• _Your objective_: Reproduce all of the data exactly. Images are not to appear in the reply.

• _Provided data_:
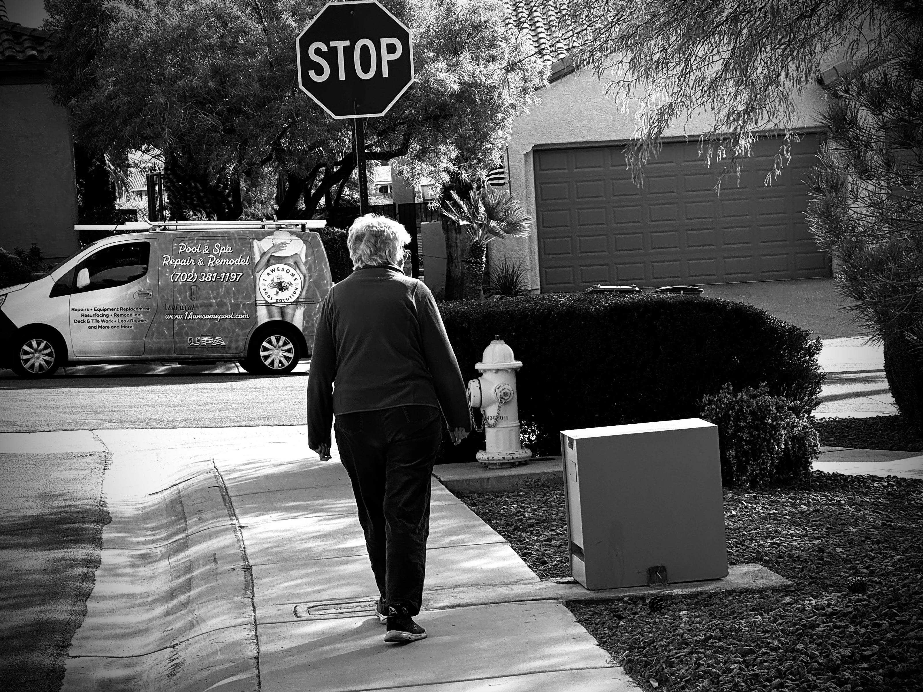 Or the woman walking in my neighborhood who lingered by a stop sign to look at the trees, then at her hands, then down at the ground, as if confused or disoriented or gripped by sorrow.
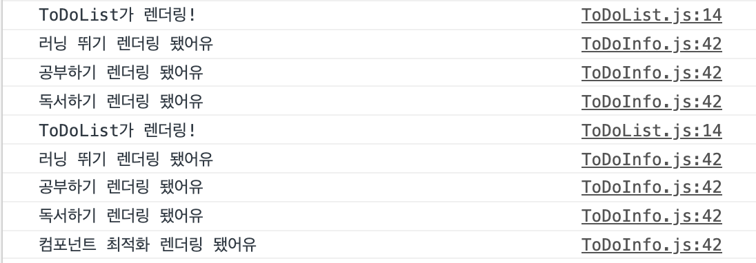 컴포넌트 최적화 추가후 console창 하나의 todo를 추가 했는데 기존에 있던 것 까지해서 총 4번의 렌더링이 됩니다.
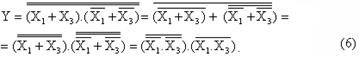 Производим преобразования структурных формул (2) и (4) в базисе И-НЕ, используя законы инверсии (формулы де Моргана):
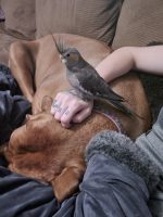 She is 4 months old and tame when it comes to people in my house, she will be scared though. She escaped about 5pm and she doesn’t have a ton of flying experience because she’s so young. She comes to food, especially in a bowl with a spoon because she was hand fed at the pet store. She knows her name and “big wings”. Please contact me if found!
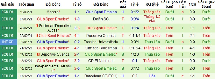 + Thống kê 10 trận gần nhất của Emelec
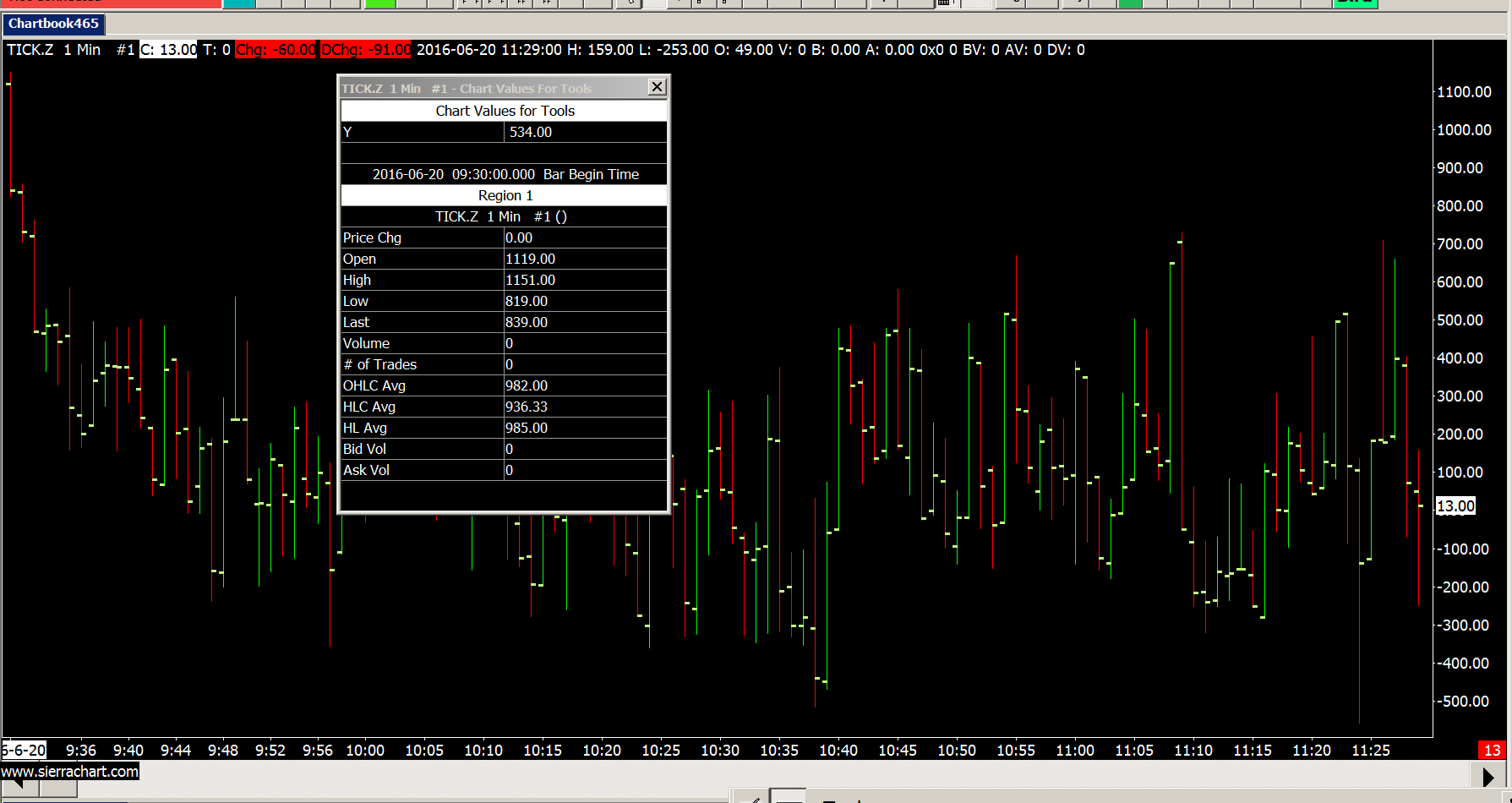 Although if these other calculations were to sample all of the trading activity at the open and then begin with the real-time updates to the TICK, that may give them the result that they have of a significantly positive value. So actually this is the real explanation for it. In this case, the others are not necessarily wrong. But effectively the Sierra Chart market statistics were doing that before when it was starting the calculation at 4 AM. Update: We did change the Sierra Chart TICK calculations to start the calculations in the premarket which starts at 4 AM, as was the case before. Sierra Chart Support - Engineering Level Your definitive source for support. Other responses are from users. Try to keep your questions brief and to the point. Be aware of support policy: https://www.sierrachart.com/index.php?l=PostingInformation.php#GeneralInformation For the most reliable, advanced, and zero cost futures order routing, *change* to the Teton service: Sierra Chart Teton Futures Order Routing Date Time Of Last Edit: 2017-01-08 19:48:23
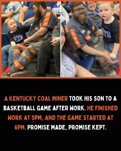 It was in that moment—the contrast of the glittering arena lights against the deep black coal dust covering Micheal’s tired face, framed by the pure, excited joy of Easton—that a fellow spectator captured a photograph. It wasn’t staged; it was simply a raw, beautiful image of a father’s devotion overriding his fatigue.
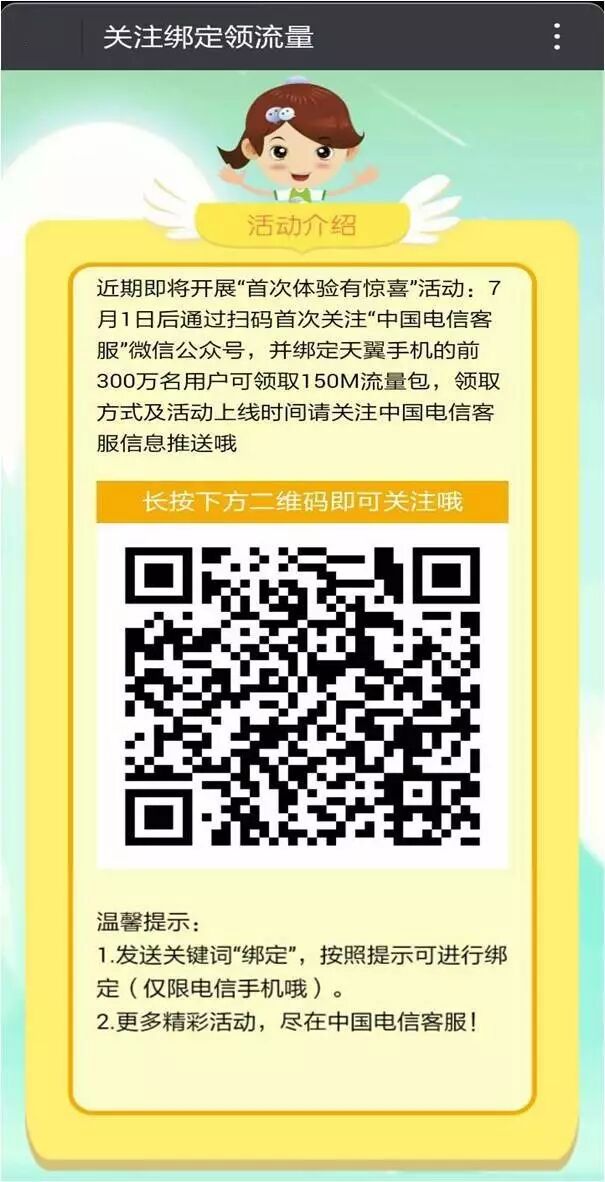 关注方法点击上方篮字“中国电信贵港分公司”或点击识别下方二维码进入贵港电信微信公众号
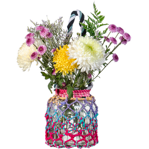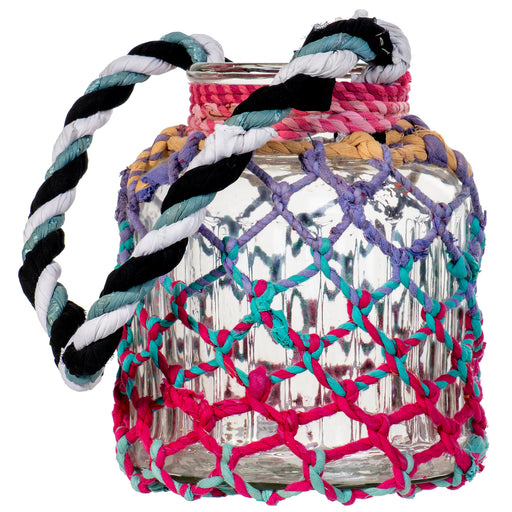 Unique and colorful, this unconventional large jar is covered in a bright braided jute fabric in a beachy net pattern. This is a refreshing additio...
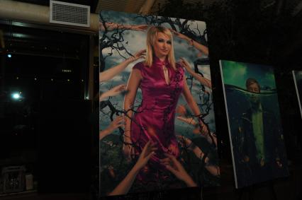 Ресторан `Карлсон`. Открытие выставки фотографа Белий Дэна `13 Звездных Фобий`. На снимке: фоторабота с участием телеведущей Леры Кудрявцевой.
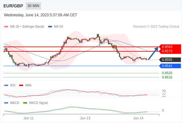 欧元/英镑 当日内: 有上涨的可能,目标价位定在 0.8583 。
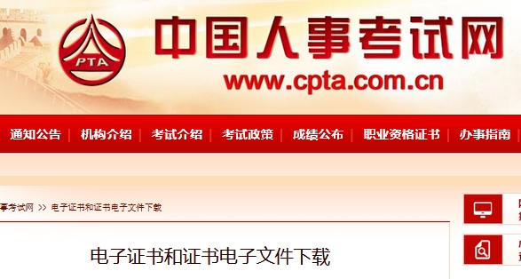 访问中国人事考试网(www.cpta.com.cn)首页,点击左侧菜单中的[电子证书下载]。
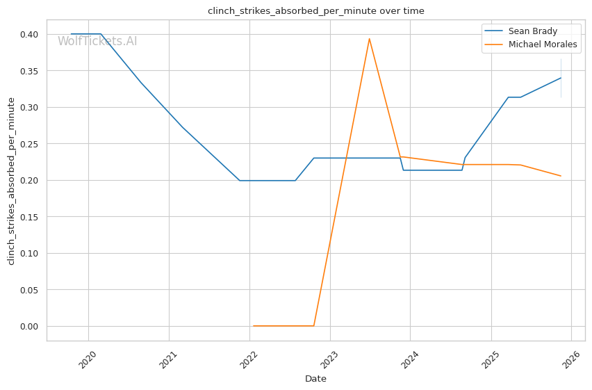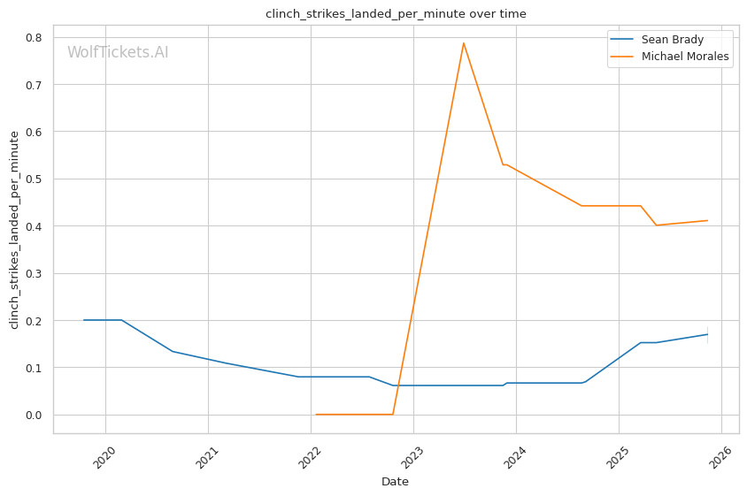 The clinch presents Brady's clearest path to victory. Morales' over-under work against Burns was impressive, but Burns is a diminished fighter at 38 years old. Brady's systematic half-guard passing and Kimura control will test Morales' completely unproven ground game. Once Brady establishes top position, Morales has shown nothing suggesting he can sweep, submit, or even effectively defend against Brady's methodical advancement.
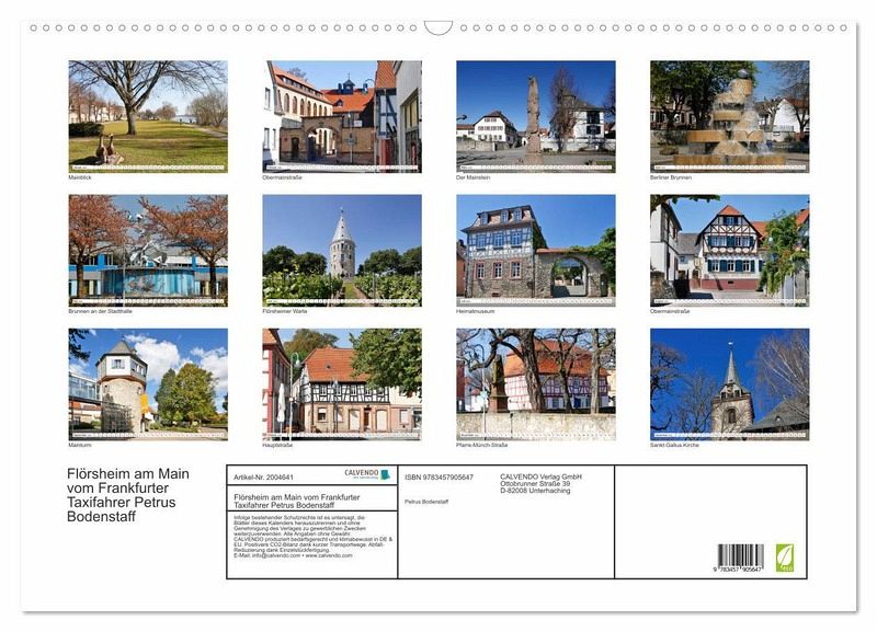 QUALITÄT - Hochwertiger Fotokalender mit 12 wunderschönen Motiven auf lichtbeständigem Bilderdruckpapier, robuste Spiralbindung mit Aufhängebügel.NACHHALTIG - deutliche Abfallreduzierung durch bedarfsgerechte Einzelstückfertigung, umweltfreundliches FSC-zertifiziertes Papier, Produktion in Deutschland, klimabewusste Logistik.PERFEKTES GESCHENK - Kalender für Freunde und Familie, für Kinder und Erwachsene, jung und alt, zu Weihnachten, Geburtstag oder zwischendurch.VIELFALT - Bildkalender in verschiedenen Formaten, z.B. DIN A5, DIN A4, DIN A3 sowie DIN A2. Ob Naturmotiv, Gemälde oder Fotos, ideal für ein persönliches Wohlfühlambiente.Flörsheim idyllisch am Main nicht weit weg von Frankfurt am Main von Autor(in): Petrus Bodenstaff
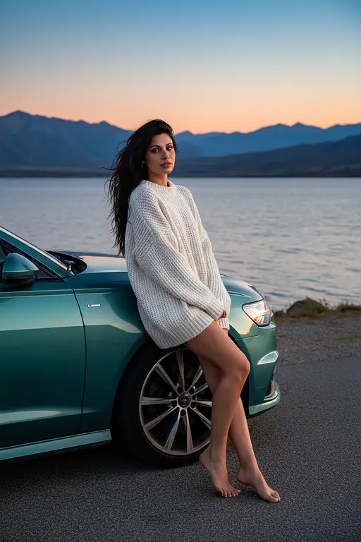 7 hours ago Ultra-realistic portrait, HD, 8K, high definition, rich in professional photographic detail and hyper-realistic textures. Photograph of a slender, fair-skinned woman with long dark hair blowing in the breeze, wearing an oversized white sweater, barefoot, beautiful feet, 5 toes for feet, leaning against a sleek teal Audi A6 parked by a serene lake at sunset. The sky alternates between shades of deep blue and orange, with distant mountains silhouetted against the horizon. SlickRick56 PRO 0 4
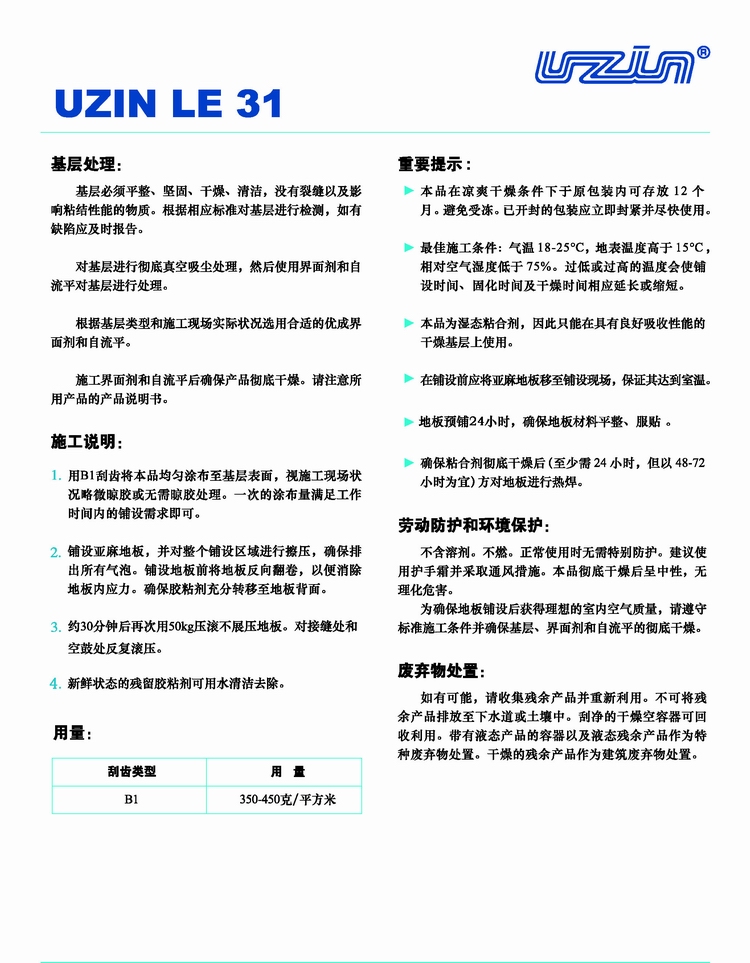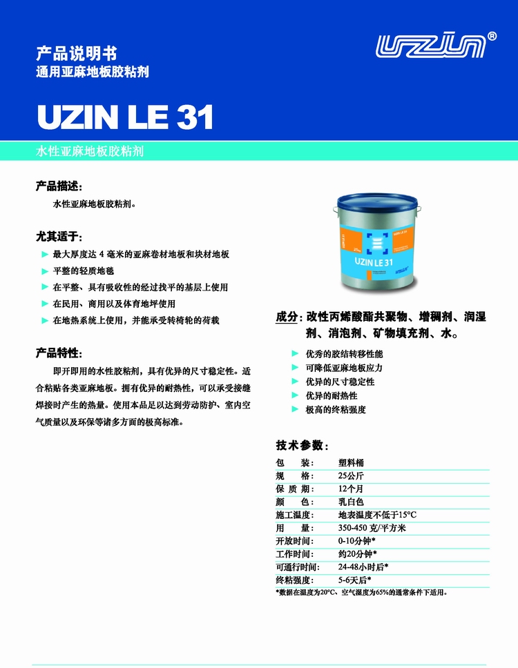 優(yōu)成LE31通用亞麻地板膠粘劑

• _Reply_:
 Or the woman walking in my neighborhood who lingered by a stop sign to look at the trees, then at her hands, then down at the ground, as if confused or disoriented or gripped by sorrow.
 컴포넌트 최적화 추가후 console창 하나의 todo를 추가 했는데 기존에 있던 것 까지해서 총 4번의 렌더링이 됩니다.
 Производим преобразования структурных формул (2) и (4) в базисе И-НЕ, используя законы инверсии (формулы де Моргана):
 She is 4 months old and tame when it comes to people in my house, she will be scared though. She escaped about 5pm and she doesn’t have a ton of flying experience because she’s so young. She comes to food, especially in a bowl with a spoon because she was hand fed at the pet store. She knows her name and “big wings”. Please contact me if found!
 + Thống kê 10 trận gần nhất của Emelec
 Although if these other calculations were to sample all of the trading activity at the open and then begin with the real-time updates to the TICK, that may give them the result that they have of a significantly positive value. So actually this is the real explanation for it. In this case, the others are not necessarily wrong. But effectively the Sierra Chart market statistics were doing that before when it was starting the calculation at 4 AM. Update: We did change the Sierra Chart TICK calculations to start the calculations in the premarket which starts at 4 AM, as was the case before. Sierra Chart Support - Engineering Level Your definitive source for support. Other responses are from users. Try to keep your questions brief and to the point. Be aware of support policy: https://www.sierrachart.com/index.php?l=PostingInformation.php#GeneralInformation For the most reliable, advanced, and zero cost futures order routing, *change* to the Teton service: Sierra Chart Teton Futures Order Routing Date Time Of Last Edit: 2017-01-08 19:48:23
 It was in that moment—the contrast of the glittering arena lights against the deep black coal dust covering Micheal’s tired face, framed by the pure, excited joy of Easton—that a fellow spectator captured a photograph. It wasn’t staged; it was simply a raw, beautiful image of a father’s devotion overriding his fatigue.
 关注方法点击上方篮字“中国电信贵港分公司”或点击识别下方二维码进入贵港电信微信公众号
 Unique and colorful, this unconventional large jar is covered in a bright braided jute fabric in a beachy net pattern. This is a refreshing additio...
 Ресторан `Карлсон`. Открытие выставки фотографа Белий Дэна `13 Звездных Фобий`. На снимке: фоторабота с участием телеведущей Леры Кудрявцевой.
 欧元/英镑 当日内: 有上涨的可能,目标价位定在 0.8583 。
 访问中国人事考试网(www.cpta.com.cn)首页,点击左侧菜单中的[电子证书下载]。
 The clinch presents Brady's clearest path to victory. Morales' over-under work against Burns was impressive, but Burns is a diminished fighter at 38 years old. Brady's systematic half-guard passing and Kimura control will test Morales' completely unproven ground game. Once Brady establishes top position, Morales has shown nothing suggesting he can sweep, submit, or even effectively defend against Brady's methodical advancement.
 QUALITÄT - Hochwertiger Fotokalender mit 12 wunderschönen Motiven auf lichtbeständigem Bilderdruckpapier, robuste Spiralbindung mit Aufhängebügel.NACHHALTIG - deutliche Abfallreduzierung durch bedarfsgerechte Einzelstückfertigung, umweltfreundliches FSC-zertifiziertes Papier, Produktion in Deutschland, klimabewusste Logistik.PERFEKTES GESCHENK - Kalender für Freunde und Familie, für Kinder und Erwachsene, jung und alt, zu Weihnachten, Geburtstag oder zwischendurch.VIELFALT - Bildkalender in verschiedenen Formaten, z.B. DIN A5, DIN A4, DIN A3 sowie DIN A2. Ob Naturmotiv, Gemälde oder Fotos, ideal für ein persönliches Wohlfühlambiente.Flörsheim idyllisch am Main nicht weit weg von Frankfurt am Main von Autor(in): Petrus Bodenstaff
 7 hours ago Ultra-realistic portrait, HD, 8K, high definition, rich in professional photographic detail and hyper-realistic textures. Photograph of a slender, fair-skinned woman with long dark hair blowing in the breeze, wearing an oversized white sweater, barefoot, beautiful feet, 5 toes for feet, leaning against a sleek teal Audi A6 parked by a serene lake at sunset. The sky alternates between shades of deep blue and orange, with distant mountains silhouetted against the horizon. SlickRick56 PRO 0 4
 優(yōu)成LE31通用亞麻地板膠粘劑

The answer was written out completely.